Hi,

In message "[ruby-talk:7436] Unicode Issues (was: "A Java Developer's Wish List for Ruby")"
    on 00/12/17, Richard A.Schulman <RichardASchulman / att.net> writes:

|>|Do you mean that it has been superceded UTF-16? Or what?
|>That's what I mean.
|
|Good. Both UCS-2 and UTF-16 have the same 16-bit encoding
|for the 49,194 presently defined characters used in most of
|the languages of the world. UTF-16 is a superset of UCS-2,
|adding in the possibility of surrogates. Just out of
|curiosity, though, how important is the surrogate extension
|to users in Japan?

Not important yet.  But future addition to JIS standard will probably
be covered by surrogate extension (yes, KANJI set is still growing).
So ignoring surrogates shall be great trouble in the future.

|Matz:
|>|>But I'm going to add M17N feature to the next version Ruby.
|>|>The future Ruby should handle Unicode as well as other encodings.
|
|What exactly is the "M17N feature" that you plan to add? 

Each string and regex object will be able to have information about
its encodings.  Matching, indexing etc. will be based on that
information.

|Matz:
|>Unicode 3.0 is really an improvement.  Most Japanese can accept it
|>except time and space efficiency.
|>...
|>    By using UTF-8, most of Japanese character takes 3 bytes each.  It
|>    would be 1.5 time bigger than current.  Imagine all of your text
|>    data grows 50% bigger.
|
|I agree. I'm not partial to UTF-8 either. In my earlier
|post, I recommended UCS-2, which is a two byte encoding for
|both the Western languages and the CJK languages. As far as
|DBCS Japanese goes, UCS-2 introduces no changes in storage
|or processing requirements. The same is true for the
|superset UTF-16, assuming surrogates are not required.
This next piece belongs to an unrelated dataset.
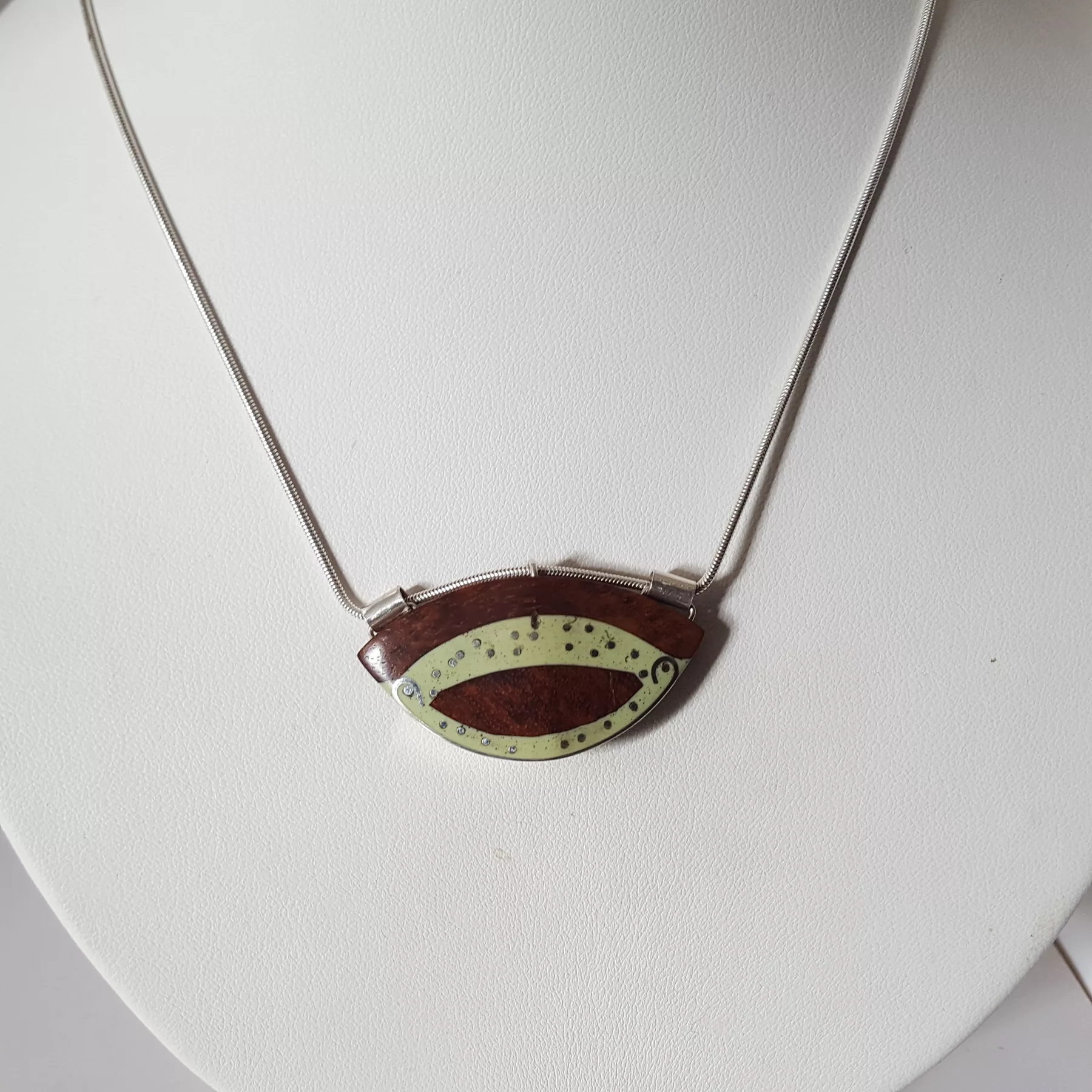 médaillon Coben pomme est un médaillon collier . Le médaillon est un mélange de bois d’amourette et d’époxy de couleur . Il est soutenu par une chaine argent coulissante qui solidarise l’ensemble .

It doubles ASCII space though (multibyte text is often mixture of
ASCII and KANJI characters).

|In converting to UTF-16, it's the Western languages that
|would suffer a "hit" in terms of storage and processing
|time. UTF-8, accordingly, will probably remain common in
|Western end users shops for some time to come but not, I
|hope, as the internal encoding of system software.

Why not?  Although its variable length nature, I think UTF-8 is good
for internal encoding too.  E.g.

  * ASCII superset
  * no NULL (\0) in string
  * no endian problems

Plus, UTF-16 is variable length anyway (as I mentioned above, we can't
ignore surrogates).

I think it's the reason Perl and Python choose UTF-8 as their internal
encoding.  I'd choose UTF-8 too if I could stick with Unicode.

|My own experience in developing international software is
|that it is MUCH easier to work in an environment in which
|UCS-2 or UTF-16 is the internal storage norm rather than
|UTF-8. Accordingly, I seek out operating systems, databases,
|and language providers that standardize on either of these
|as their normative, internal coding.

If the following conditions can be fulfilled, it's easy to develop
I18N software using UTF-16, as you said.

  * surrogates can be ignored
  * all characters can be converted into Unicode

These conditions are often OK for many many applications.  But I can
not FORCE these conditions to ALL applications written in Ruby.

|>Using Unicode as an internal universal character
|>sets covers 98% of M17N, but I want to cover ALL of the cases, and
|>from my personal experience (Ruby Japanization), I think it's
|>efficiently possible.
|
|What is the 2% that isn't covered by Unicode's UTF-16
|encoding (which provides for about 1 mn code points, if one
|includes the surrogate facility)?

Don't take numbers literally.  It's a synonym for "almost all". ;-)

I was thinking of applications that process big character set
(e.g. Mojikyo set) which is not covered by Unicode.  I don't know
exactly how many code points it has.  But I've heard it's pretty big,
possibly consumes half of surrogate space.  And they want to process
them now.  I think they don't want to wait Unicode consortium to
assign code points for their characters.

							matz.